* _Directions for this task_:
When you return the material, keep every line exactly as it is and omit the pictures.
--------------------------------------------------
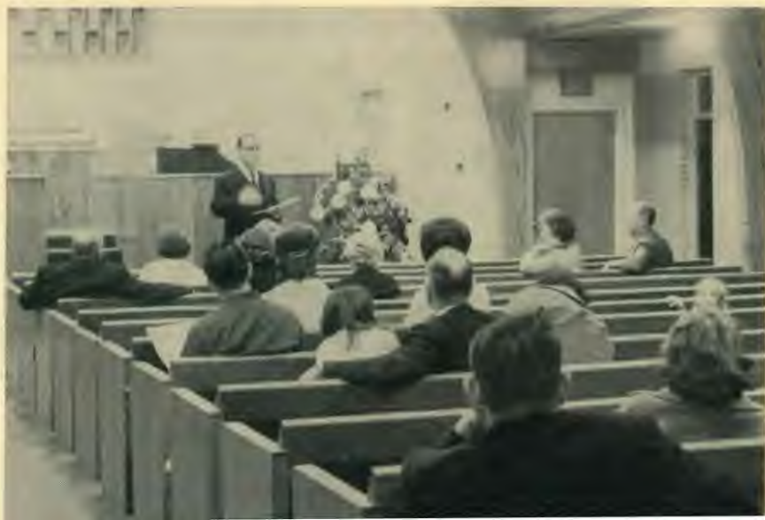
Elder J. V. Schnell holds the lay visitors' training course in his Oklahoma City Southern Hills church.

"GO TELL" materials were used as visual aids and demonstrations were given in the various aspects of "GO TELL." The "GO TELL" lay visitors' training course was conducted in 50 churches of the Oklahoma Conference.
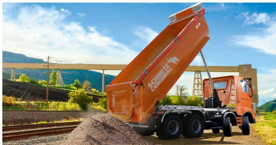
The wide floor area of the Schmitz Cargobull rounded steel body allows for a low trailer centre of gravity.
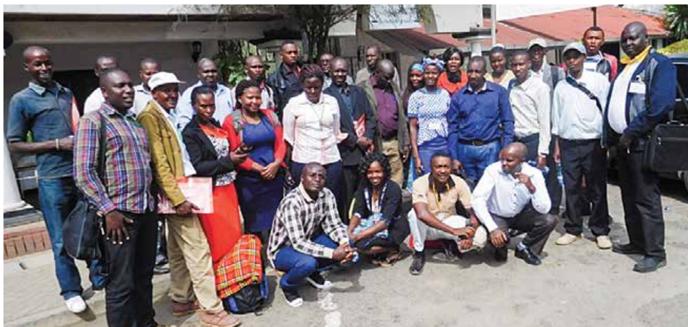
Conservation education workshop group

On 21 April 2017 Rhino Ark facilitated a conservation education workshop for teachers in Naivasha. The workshop provided an opportunity to induct new teachers into the programme and share experiences and best practices. Officials from the Ministry of Education participated in the workshop, together with 8 newly inducted Eburu Conservation Champions. The champions, drawn from each of the locations adjacent to Eburu forest are a team of community volunteers who will support the outreach programme. The teachers and champions team now has an active social media group with Facebook and WhatsApp platforms now in use. These forums are proving invaluable to rapid dissemination of information amongst members and also in highlighting threats to the forest such as forest fires.
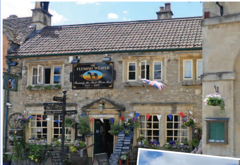
The Flemish Weaver, Corsham
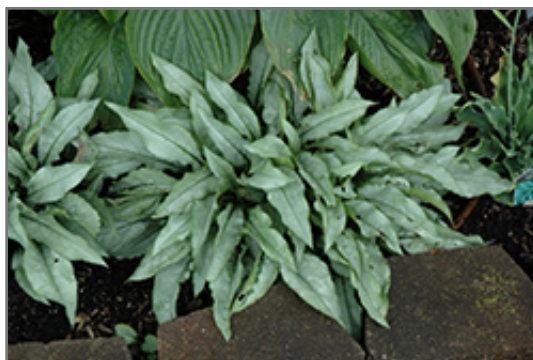
Majeste Lungwort
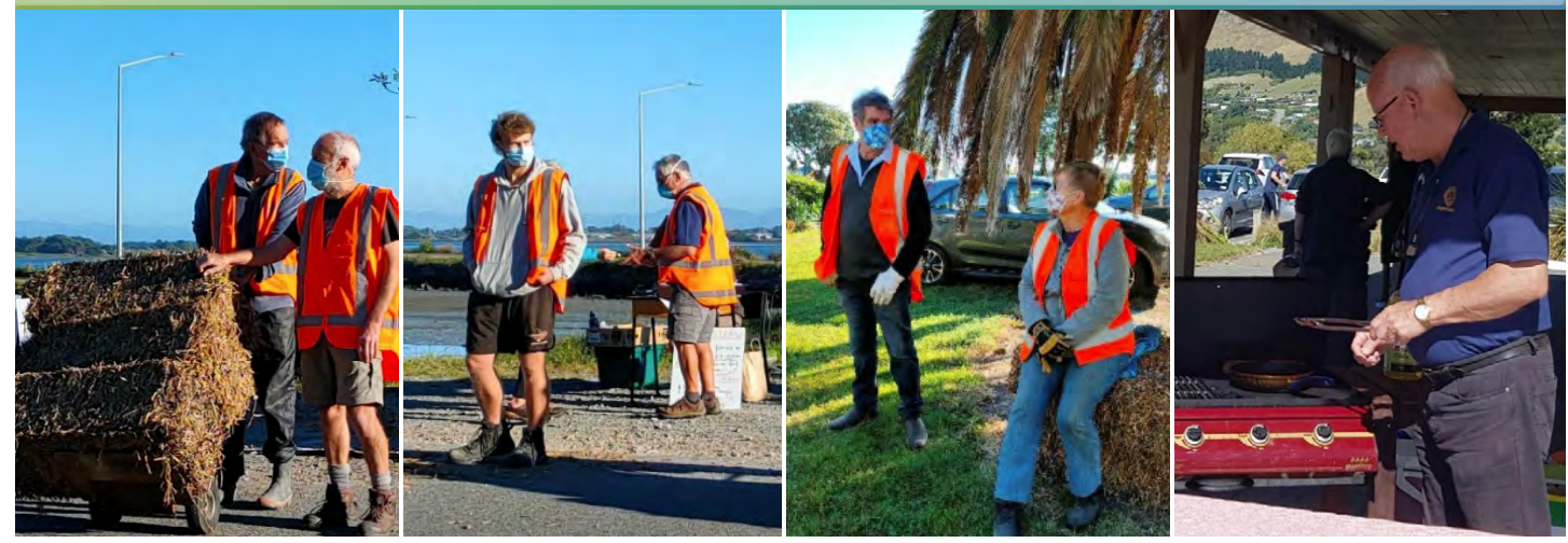
Ferrymead Lions - had an excellent Pea Straw sale at Sumner & Redcliffs when we did not put out any pamphlets. We sold all 650 bales but only 2 trailer loads of compost. Many thanks for all the helpers. And BBQ fundraising.
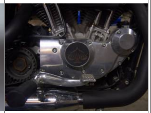
Brass ignition cover. 17) 18)
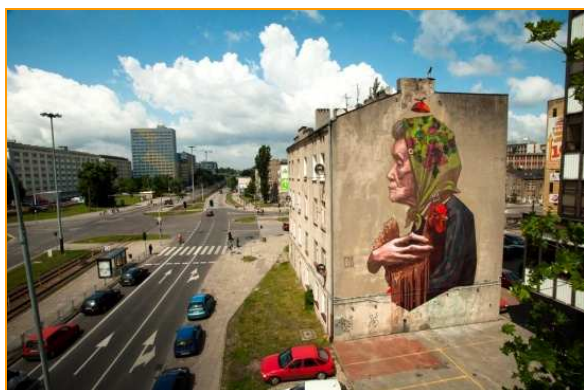
Photo 10. Mural at 16 Politechniki St, Łódź
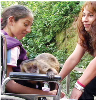
La Americana
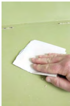
Step two Sand the filler smooth and then lightly sand the entire bench to 'key' the surface.
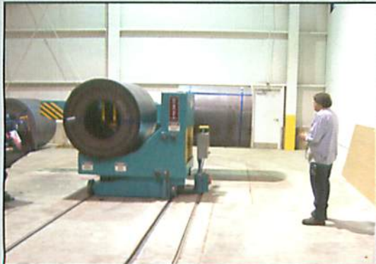
Remote Radio Controlled Coil Car

Coil Loading And Unloading: The entry and exit coil cars are operated by hand held remote radio controls. The remote controlled cars are easier to operate than traditional pendant ones because the operator is not tethered to the equipment by a cord. They allow free access around the equipment and provide clear sight lines while loading and unloading coils.
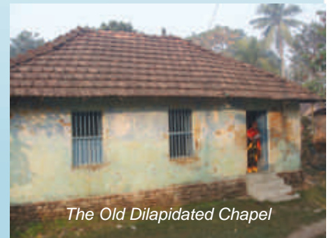
The Old Dilapidated Chapel

It was indeed a day when everyone was filled with the grace of the Lord and astounded beyond measure, saying, "He has done everything well" - Mark 7:37.
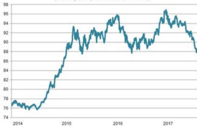
Trade-Weighted U.S. Dollar Index Against Major Currencies, 2014–2017 (Currency Units per U.S. Dollar, 1973=100)

The IHS Markit Canada Manufacturing PMI increased from 54.7 in June to 55.5 in July, its best reading since April's six-year high. The pace of new orders matched the index in March, with both at levels last seen in October 2014. That would seem to indicate that the Canadian manufacturing sector has begun to recover from challenges across the past two years. Real GDP in Canada grew 0.9 percent in the first quarter, picking up from the 0.7 percent gain in the fourth quarter. That translated into 3.7 percent growth at the annual rate in the first quarter, with both consumer and business spending boosting the Canadian economy. In addition, manufacturing sales and retail spending saw healthy gains in May and in year-over-year data. Meanwhile, the unemployment rate declined to 6.3 percent in July, its lowest level since October 2008, and manufacturers added 13,700 workers in July, with year-over-year growth of 53,000 employees. READ MORE
--------------------------------------------------
* _Output for this exercise_:
Elder J. V. Schnell holds the lay visitors' training course in his Oklahoma City Southern Hills church.

"GO TELL" materials were used as visual aids and demonstrations were given in the various aspects of "GO TELL." The "GO TELL" lay visitors' training course was conducted in 50 churches of the Oklahoma Conference.
The wide floor area of the Schmitz Cargobull rounded steel body allows for a low trailer centre of gravity.
Conservation education workshop group

On 21 April 2017 Rhino Ark facilitated a conservation education workshop for teachers in Naivasha. The workshop provided an opportunity to induct new teachers into the programme and share experiences and best practices. Officials from the Ministry of Education participated in the workshop, together with 8 newly inducted Eburu Conservation Champions. The champions, drawn from each of the locations adjacent to Eburu forest are a team of community volunteers who will support the outreach programme. The teachers and champions team now has an active social media group with Facebook and WhatsApp platforms now in use. These forums are proving invaluable to rapid dissemination of information amongst members and also in highlighting threats to the forest such as forest fires.
The Flemish Weaver, Corsham
Majeste Lungwort
Ferrymead Lions - had an excellent Pea Straw sale at Sumner & Redcliffs when we did not put out any pamphlets. We sold all 650 bales but only 2 trailer loads of compost. Many thanks for all the helpers. And BBQ fundraising.
Brass ignition cover. 17) 18)
Photo 10. Mural at 16 Politechniki St, Łódź
La Americana
Step two Sand the filler smooth and then lightly sand the entire bench to 'key' the surface.
Remote Radio Controlled Coil Car

Coil Loading And Unloading: The entry and exit coil cars are operated by hand held remote radio controls. The remote controlled cars are easier to operate than traditional pendant ones because the operator is not tethered to the equipment by a cord. They allow free access around the equipment and provide clear sight lines while loading and unloading coils.
The Old Dilapidated Chapel

It was indeed a day when everyone was filled with the grace of the Lord and astounded beyond measure, saying, "He has done everything well" - Mark 7:37.
Trade-Weighted U.S. Dollar Index Against Major Currencies, 2014–2017 (Currency Units per U.S. Dollar, 1973=100)

The IHS Markit Canada Manufacturing PMI increased from 54.7 in June to 55.5 in July, its best reading since April's six-year high. The pace of new orders matched the index in March, with both at levels last seen in October 2014. That would seem to indicate that the Canadian manufacturing sector has begun to recover from challenges across the past two years. Real GDP in Canada grew 0.9 percent in the first quarter, picking up from the 0.7 percent gain in the fourth quarter. That translated into 3.7 percent growth at the annual rate in the first quarter, with both consumer and business spending boosting the Canadian economy. In addition, manufacturing sales and retail spending saw healthy gains in May and in year-over-year data. Meanwhile, the unemployment rate declined to 6.3 percent in July, its lowest level since October 2008, and manufacturers added 13,700 workers in July, with year-over-year growth of 53,000 employees. READ MORE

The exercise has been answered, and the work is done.